Assisting Corpus Annotation: Automatic BIO-Tagging of Clause-Like Units in Polish Sign Language. A Pilot Study on Corpus Data
Proceedings of the LREC 2026 12th Workshop on the Representation and Processing of Sign Languages: Language in Motion
Abstract
The creation of large-scale sign language corpora is often bottlenecked by the labour-intensive process of multi-layered annotation that requires manual analysis. One of the annotation steps is the challenging and time-consuming task of segmenting continuous signing into clause-like-units (CLUs). In this paper, we propose an automated segmentation framework for Polish Sign Language (PJM) designed to support manual annotation. To detect sentence boundaries, we adapt the Multi-Stage Temporal Convolutional Network (MS-TCN) architecture, enhanced with a Channel Attention mechanism, to effectively fuse multimodal skeleton features (hands, body, and face) extracted via MediaPipe. We evaluate the model on a diverse subset of the PJM Corpus (40 video files, 25 signers), containing nearly 16,000 manually annotated clauses prior to the start of this study. The proposed method achieves a Segmental F1-score of 75.43% at IoU = 0.10 and 57.52% at IoU = 0.50, demonstrating a strong capability in localising sentence boundaries.

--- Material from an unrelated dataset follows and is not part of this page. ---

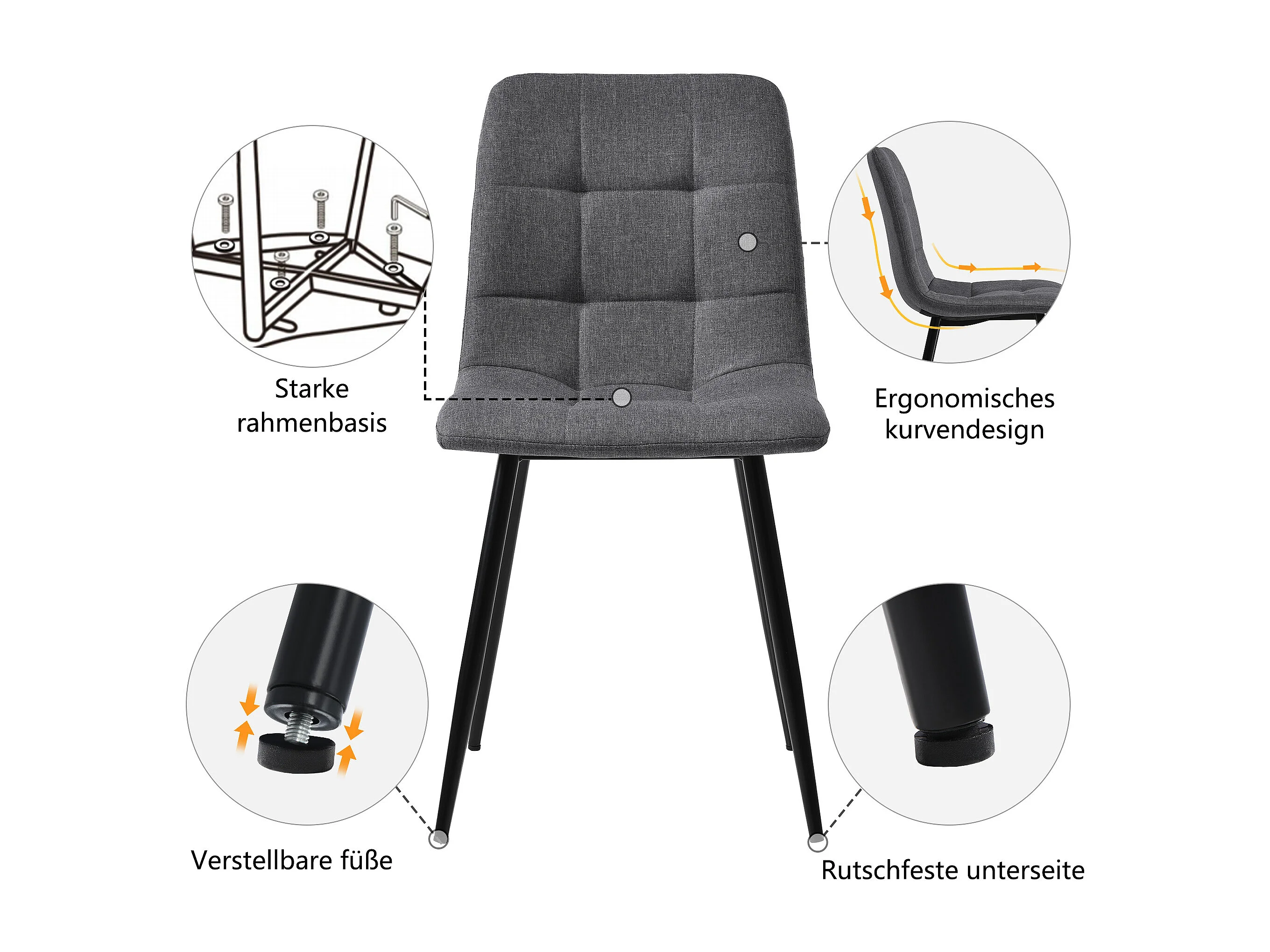 Conjunto de jantar com 5 peças, mesa de 117 x 68 cm, MDF com efeito mármore, pernas de metal, cadeiras, linho cinza

Furthermore, ablation studies reveal that fusing manual kinematics with non-manual prosodic cues (face) yields a significant performance gain (+13.6 pp) over unimodal baselines, empirically confirming the linguistic necessity of incorporating both manual and non-manual articulators in the process of sentence delimitation. The solution offers a viable means for reducing CLU annotation time by automatically generating high-quality clause boundary proposals.